In El Perro director Carlos Sorin takes up the same world he depicted in his 2002 Historias Minimas. Again there's a kindly, ineffectual man is at the center of it, who's 52 but seems older. He's just been laid off from a gas station where he worked for twenty years. This time again there is a dog, but the dog is more of a star, and the dog unifies the film, which is all about Juan Villegas (the actor's real name) and not split into several different stories like Historias Minimas.

In the stark world of Patagonia where Sorin's films unfold his people, who might seem losers elsewhere, are more gently, forgivingly treated. Life meanders. It’s like a shaggy dog story, going nowhere slowly, but somehow it's okay.

"Coco" Villlegas (which they pronounce "Vee-ZHAY-gas" down there) is trying to sell knives he's made by hand with carved handles of special, rare wood. But they're too expensive, some petroleum workers tell him, and then to add to the humiliation the security guard on the property says he's trespassing and he winds up giving away one of the knives to the guard so he’ll let him off. Villegas looks for work at a remote garage but the boss yells at him for parking in his spot.

Helping a woman marooned by the roadside by towing her car 140 kilometers and then repairing its fan belt leads not to payment – nobody seems to have any money to spare– but gifts of homemade preserves and then, low and behold, a big white blob of a strange-looking pedigreed dog with papers included, offered to Coco as a gift. Its deceased master was French and was going to call his stud farm "Le Chien," which Villegas mangles into "Litchen" and makes the dog's name. Later we learn Litchen’s original name in the papers was “Bombón" and that Bombón, AKA Litchen, is a genuine Argentinian dogo, a breed that has a band of ardent admirers in the area. Obviously the Frenchman's widow just wanted to get rid of Litchen, but Villegas is led to believe he may have a treasure on his hands.

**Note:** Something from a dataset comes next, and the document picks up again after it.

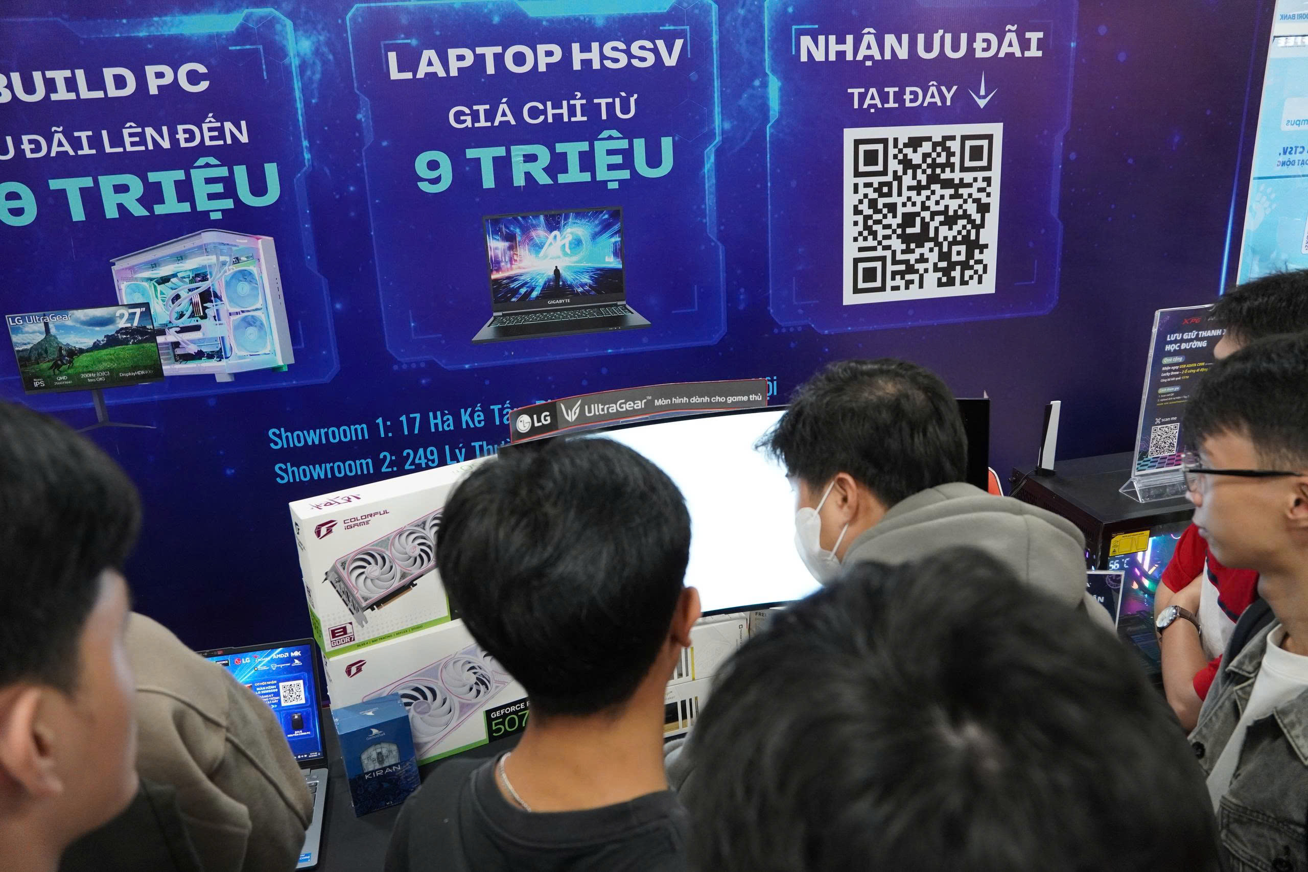 Sinh viên say mê khám phá các mẫu máy tính và thiết bị gaming hiệu suất cao.
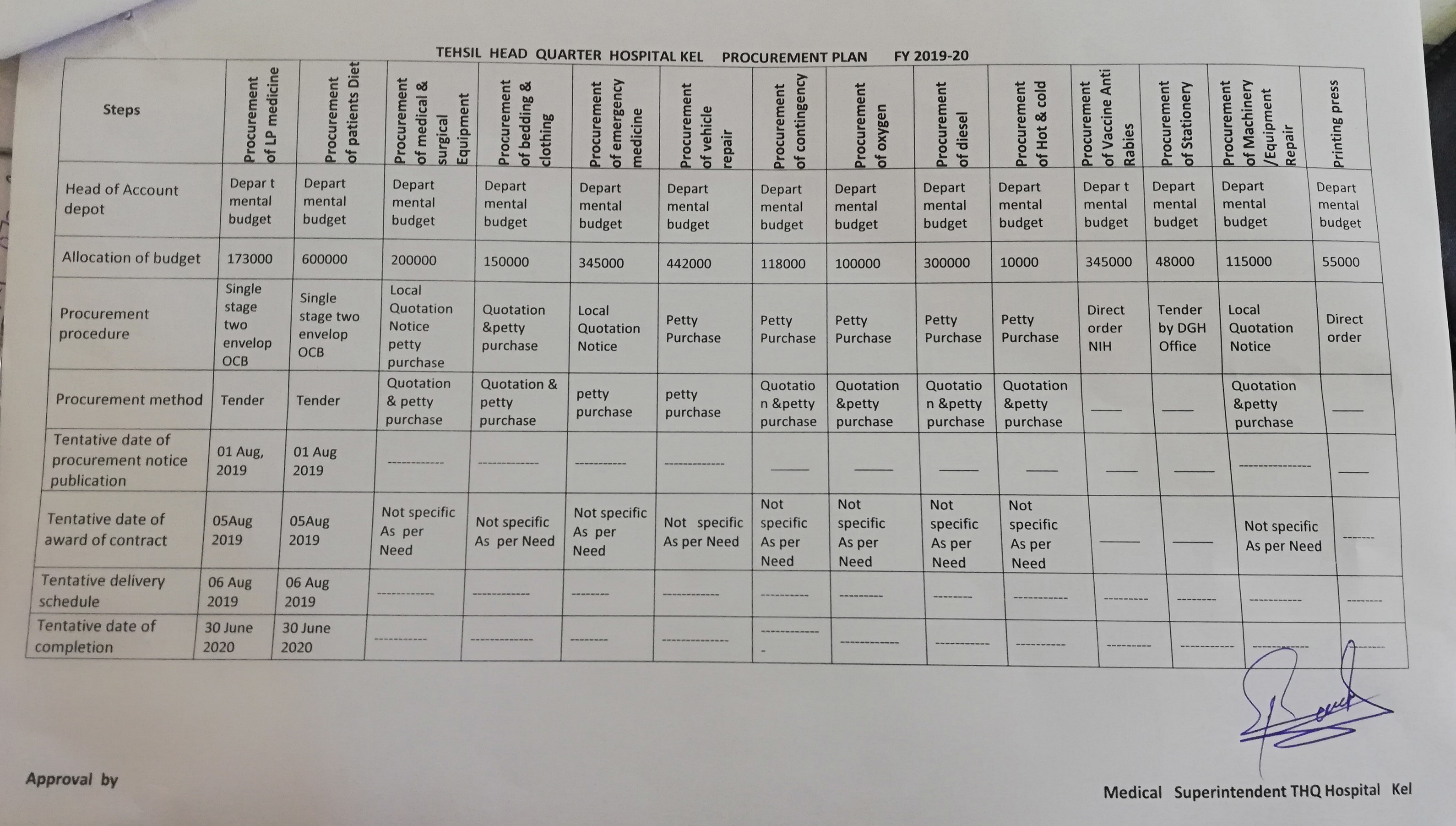 | Annual Procurement Plan (THQ Kel) | 2019-20 | Health Department | Health Neelum | Download File |

One is continually torn between feeling confident that in this world consequences are usually benign, and fear that something dire will happen to the main character because he's so passive and naive.

Coco is temporarily living with his daughter, but she won’t let him stay with the dog, so off he goes, apparently homeless, with Litchen sitting with his big comically mournful face next to Coco on the front seat of his little van.

Before long Villegas is involved with a big volatile fat man named Walter (Walter Donado) whose hobby is showing and breeding dogos like Litchen, who introduces Villegas to the band of dogo aficionados and proposes to partner with Villegas to train and show Litchen and sell his stud services. Third prize in a local dog show soon follows. The rest of the movie is as meandering as the beginning but the breeder’s enthusiasm and lack of restraint engender some excitement. The story ends in a funny way when Litchen’s apparent lack of libido is cured. Villegas hasn’t really gotten anywhere, though. He’s still jobless, closer to penniless, and practically homeless, but somehow it all feels humanistic and life-affirming.

Director Sorin works on a small canvas but his scenes can be memorable because they're so specific and vivid. He focuses up tight and close on the ruddy, un-fake faces of his non-actors, who seem pretty much themselves. El Perro is a tiny step forward from Historias Minimas in the direction of greater intensity and narrative focus, but Sorin and his collaborators accept his limitations as his strengths. He is one of those directors who must not push too hard. His Patagonia is the boonies, a region of low expectations. Villegas has never been to Buenos Aires and Sorin will never make it to Hollywood – or maybe even to Sundance. But it’s by remaining in this remote end of the world that he finds a voice a little unlike any other. One returns to his films as one meets again with an old friend who, however boring, is reassuringly familiar and unthreatening.

Shown at Seattle Film Festival. Released in NYC June 2006.